▸ GOAL OF THE EXERCISE: Leave the pictures out and write out the rest of the listing word for word.

[PROVIDED DATA — start]

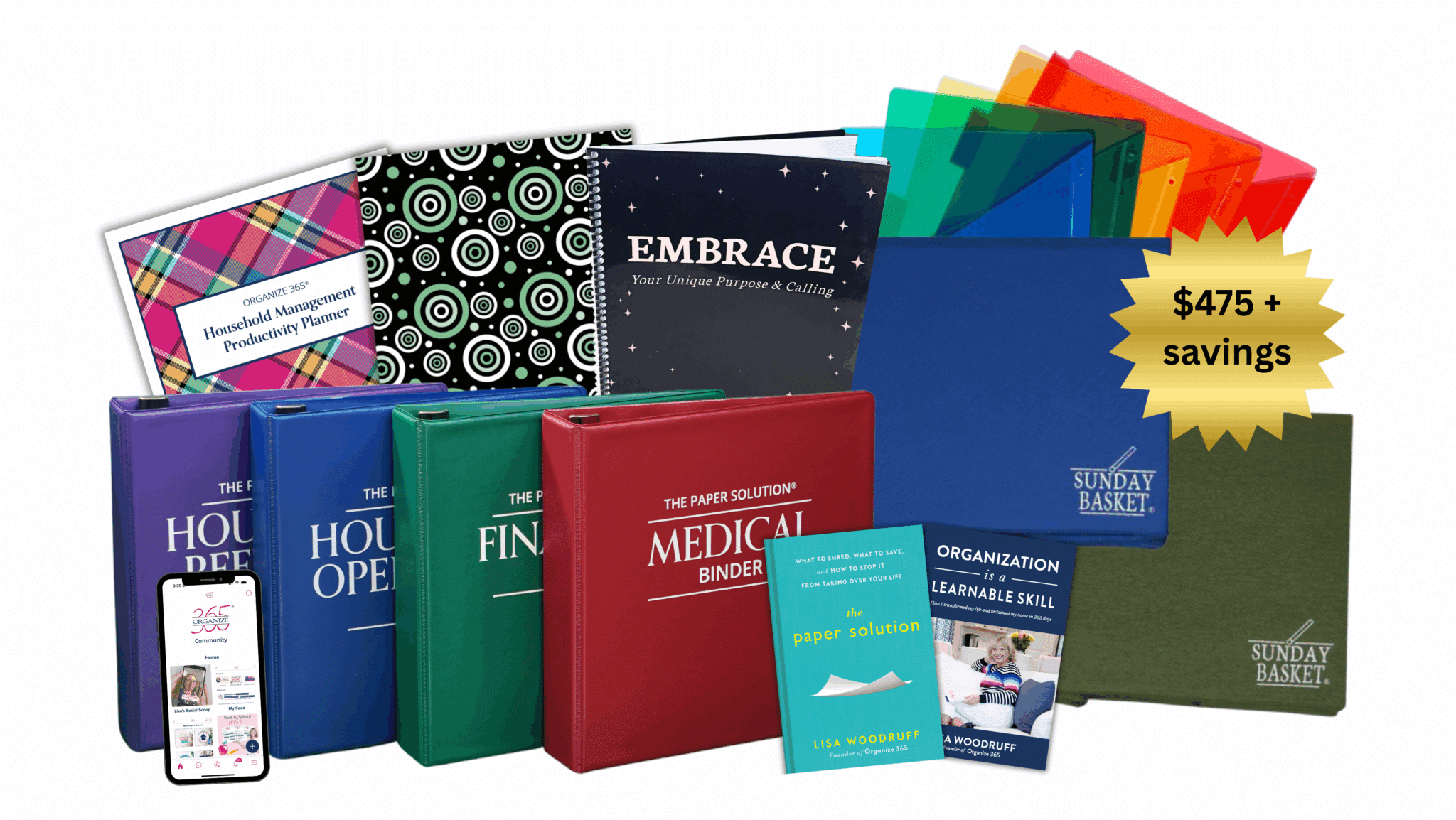 Ready for a complete reset? The Complete Home Organization Bundle is our most comprehensive program – designed to get your entire home and paper organized and increase your productivity in one year or less. Join Lisa Woodruff for a transformative journey where your home environment finally supports you, so you can focus on what you were uniquely created to do.
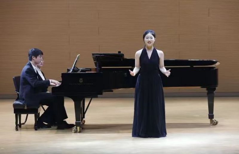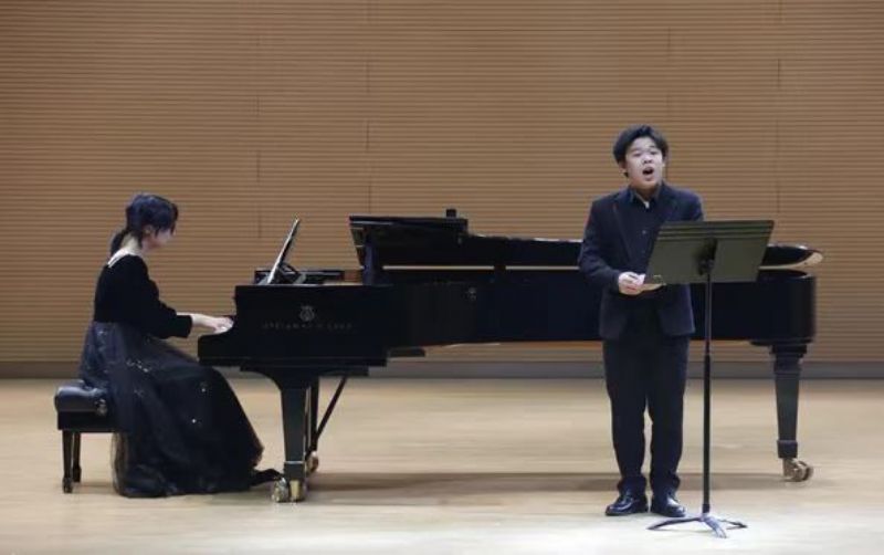音乐会在饱含希望的序曲中缓缓拉开帷幕。首演曲目《向上,少年》由社会教育培训中心研究员王珉珠作词、高一二班何欣怡作曲,高二四班王思雯倾情献唱,作曲者何欣怡亲自担任钢琴伴奏。作品以鲁艺精神传承为内核,旋律激昂向上,生动展现了新时代青年勇担使命、奋勇争先的精神风貌。
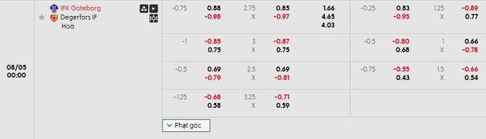 Tip kèo Châu Á full trận Goteborg vs Degerfors

[PROVIDED DATA — finish]

▸ TASK ANSWER:
 Ready for a complete reset? The Complete Home Organization Bundle is our most comprehensive program – designed to get your entire home and paper organized and increase your productivity in one year or less. Join Lisa Woodruff for a transformative journey where your home environment finally supports you, so you can focus on what you were uniquely created to do.
音乐会在饱含希望的序曲中缓缓拉开帷幕。首演曲目《向上,少年》由社会教育培训中心研究员王珉珠作词、高一二班何欣怡作曲,高二四班王思雯倾情献唱,作曲者何欣怡亲自担任钢琴伴奏。作品以鲁艺精神传承为内核,旋律激昂向上,生动展现了新时代青年勇担使命、奋勇争先的精神风貌。
 Tip kèo Châu Á full trận Goteborg vs Degerfors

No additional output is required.